Affimed N.V. (NASDAQ:AFMD) shareholders might be concerned after seeing the share price drop 20% in the last quarter. But looking back over the last year, the returns have actually been rather pleasing! After all, the share price is up a market-beating 90% in that time.
Given that Affimed didn’t make a profit in the last twelve months, we’ll focus on revenue growth to form a quick view of its business development. Shareholders of unprofitable companies usually expect strong revenue growth. That’s because fast revenue growth can be easily extrapolated to forecast profits, often of considerable size.
Affimed grew its revenue by 1841% last year. That’s well above most other pre-profit companies. The solid 90% share price gain goes down pretty well, but it’s not necessarily as good as you might expect given the top notch revenue growth. If that’s the case, now might be the time to take a close look at Affimed. Human beings have trouble conceptualizing (and valuing) exponential growth. Is that what we’re seeing here?
Balance sheet strength is crucial. It might be well worthwhile taking a look at our free report on how its financial position has changed over time.
A Different Perspective
We’re pleased to report that Affimed rewarded shareholders with a total shareholder return of 90% over the last year.
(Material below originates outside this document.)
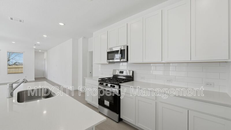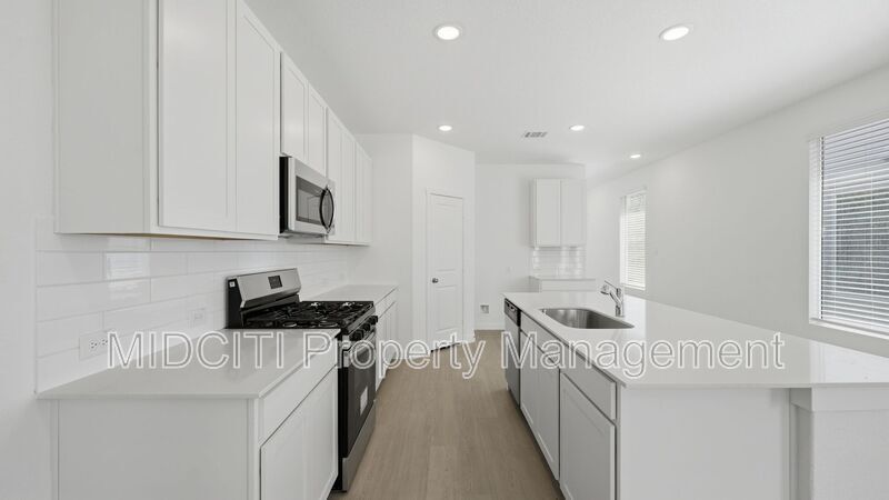 MIDCITI Property Management presents this brand-new single-story home for lease in the desirable Navarro Ranch community in Seguin! This modern 4-bedroom, 3-bath home features an open-concept floorplan with a spacious living area flowing into the kitchen and dining space, perfect for everyday living and entertaining. The kitchen offers ample cabinet space, modern appliances, and a large island/breakfast bar. The private primary suite includes a full bath and walk-in closet, while three additional bedrooms provide flexibility for family, guests, or a home office. A covered patio and fenced backyard make outdoor relaxation easy, and the home includes a 2-car garage and energy-efficient construction. Located in the growing Navarro Ranch master-planned neighborhood, residents enjoy access to community amenities including a swimming pool, fitness center, clubhouse, park, playground, and walking areas designed for an active lifestyle. The neighborhood also offers convenient access to nearby shopping, dining, and major highways for an easy commute to New Braunfels, San Marcos, and San Antonio. Navarro ISD. Available for immediate move-in.

What is absolutely clear is that is far preferable to the dismal 0.4% average annual loss suffered over the last three years. It could well be that the business has turned around — or else regained the confidence of investors. You might want to assess this data-rich visualization of its earnings, revenue and cash flow.
But note: Affimed may not be the best stock to buy. So take a peek at this free list of interesting companies with past earnings growth (and further growth forecast).
Please note, the market returns quoted in this article reflect the market weighted average returns of stocks that currently trade on US exchanges.